High performance values for predictions in the context of both single and multiple start codons
For the purpose of evaluating the performance, the test set is filtered to exclude any positively labeled data with low expression rates. As these genes are not being expressed, positive samples with non-existent or low ribo-seq data are filtered out (see Table 1). In parallel with the selection of the training set, minimum cut-off values have been determined using the fitted S-curve. Table 2 shows the performances of all the models on the independent dataset. Even though DeepRibo is trained using a maximum of one positively labeled ORF within two stop codons, this is not reflected into the predictions of the model. As genome assemblies are annotated using a maximum of one start codon for each stop codon, AUC and PR-AUC scores are consistently better including only the highest predicted start site for each stop codon. The performance of the model varies only slightly between the different experimental set-ups. A PR-AUC as high as 0.953 and 0.955 on the test set is obtained for S1 and S2, respectively. Although the existence of multiple start sites within prokaryotes has been confirmed [12], it can be expected that the predictions have shifted distributions between different regions due to a varying ribo-seq signal. However, even when considering multiple start sites, PR-AUC scores reach up to 0.880.

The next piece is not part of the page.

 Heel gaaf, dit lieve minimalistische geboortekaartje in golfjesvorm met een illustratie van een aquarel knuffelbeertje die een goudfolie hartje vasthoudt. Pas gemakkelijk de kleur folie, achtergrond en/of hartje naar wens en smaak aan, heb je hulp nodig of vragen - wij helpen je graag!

DeepRibo successfully combines DNA-sequence information and ribosome profiling data to optimize its performance
To confirm that the neural network is able to use the ribosome profiling data to make better predictions, two custom models have been trained on either the Shine-Dalgarno sequence (based on CNN) or the ribosome profiling data (based on RNN). The architectures of the models are kept similar, except for the loss of the recurrent or convolutional section, in case of the model trained on the DNA sequence and ribo-seq data, respectively. Table 2 lists the performances of both models using set-up 1. Both approaches prove to be effective at training from their specific data, with AUC values of 0.968 for RNN and 0.984 for CNN. The CNN has overall better performances than the RNN, especially when comparing its PR-AUC measure of 0.884 compared to 0.717 of the RNN. However, due to the exclusion of candidate ORFs with low signal, the data fed into the CNN is biased based on information it could otherwise not process. An important conclusion that can be made is that the combination of both neural networks works better compared to the individual parts. With an improvement of the PR-AUC of about seven percent compared to the CNN and 23 percent compared to the RNN, the model shows to be able to combine both types of information in a meaningful way.

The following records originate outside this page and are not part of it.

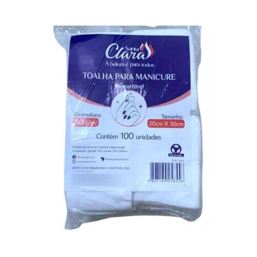 100 UNIDADES - L: 20 cm - C: 30 cm SPUNTEC 70% VISCOSE, 30% POLIÉSTER Gramatura: 50g/m A Toalha Descartável santa clara é a solução ideal para quem busca praticidade, higiene e economia em diversas situações. Com um pacote contendo 100 unidades, estas toalhas são perfeitas para e doméstico, oferecendo uma alternativa eficiente e descartável às toalhas de tecido tradicionais. Características Principais: Material de Qualidade: Fabricadas em Spuntec, uma combinação de 70% Viscose e 30% Poliéster, estas toalhas oferecem excelente absorção e resistência, proporcionando uma experiência de uso agradável e eficaz. Higiênicas e Seguras: Sendo descartáveis, eliminam o risco de contaminação cruzada, garantindo um ambiente mais limpo e seguro para seus clientes, pacientes ou para o seu dia a dia. Tamanho Ideal: Com dimensões de 20 cm de largura por 30 cm de comprimento, são perfeitas para diversas aplicações, como secar as mãos, limpar superfícies pequenas, remover maquiagem, e muito mais. Gramatura Otimizada: A gramatura de 50g/m oferece um equilíbrio perfeito entre absorção e resistência, tornando-as eficientes sem serem excessivamente grossas. Econômicas: O pacote com 100 unidades garante um excelente custo-benefício, ideal para estabelecimentos com alto fluxo de uso ou para quem busca ter sempre à mão uma solução prática e descartável. Versátil: Adequadas para uma ampla gama de aplicações, incluindo salões de beleza, clínicas de estética, consultórios médicos e odontológicos, academias, spas, e também para uso doméstico em viagens, eventos e no dia a dia. Benefícios: Máxima Higiene: Uso único, prevenindo a proliferação de bactérias e fungos. Praticidade: Não necessitam de lavagem, secagem ou armazenamento como toalhas de tecido. Economia de Tempo e Recursos: Reduz custos com água, energia e produtos de limpeza. Conveniência: Fáceis de transportar e armazenar. Suavidade: O material Spuntec oferece um toque suave na pele. Ideal para: Salões de beleza e barbearias para serviços de manicure, pedicure, limpeza facial, etc. Clínicas de estética e spas para diversos procedimentos Consultórios médicos e odontológicos para higiene de pacientes e profissionais Academias e clubes para uso pós-treino Uso doméstico viagens, higiene pessoal, limpeza rápida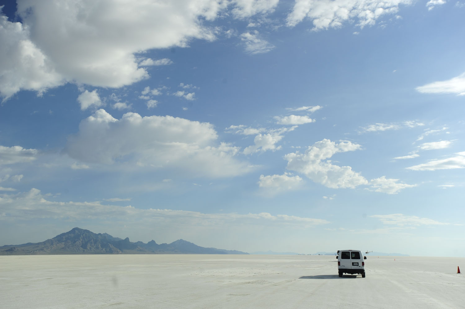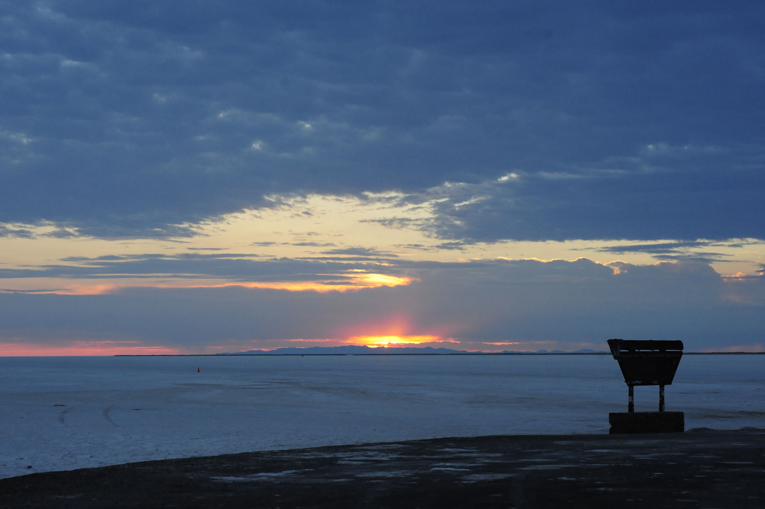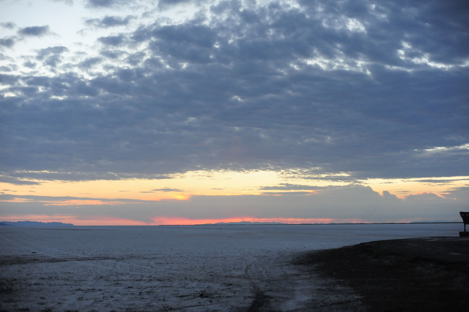 陽が昇るにつれ、白い大地が広がるソルトフラッツが明るみに。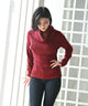 くたっとしたオフタートルが首元をすっきりさせ、立体裁断でバストからウエストまでを美しく見えるシルエットに。

Comparing the predicted and annotated ORFs reveals they predominantly disagree on TISs with less common start sites
Comparing the results of our model with the annotated dataset, an evaluation is made on the predicted ORFs. To obtain a set amount of positive predictions, a threshold is set on the output probabilities. After filtering the dataset from samples with insufficient signal or coverage, a final set of positive labels is obtained for each dataset. The resulting total amount of positive labels can be used as a conservative estimation on the expected amount of genes expressed in the relevant organism. Accordingly, a threshold is set to obtain that amount of positive predictions. However, depending on the aim of the study, custom methods can be applied to set the threshold for the final results. The precision of the top 852 positive predictions for the model in S1 (see Table 1) is 0.862, having 118 false positives. With 365 false positives the precision of the top 2,999 predicted TISs for the model in S2 (see Table 1) is 0.878.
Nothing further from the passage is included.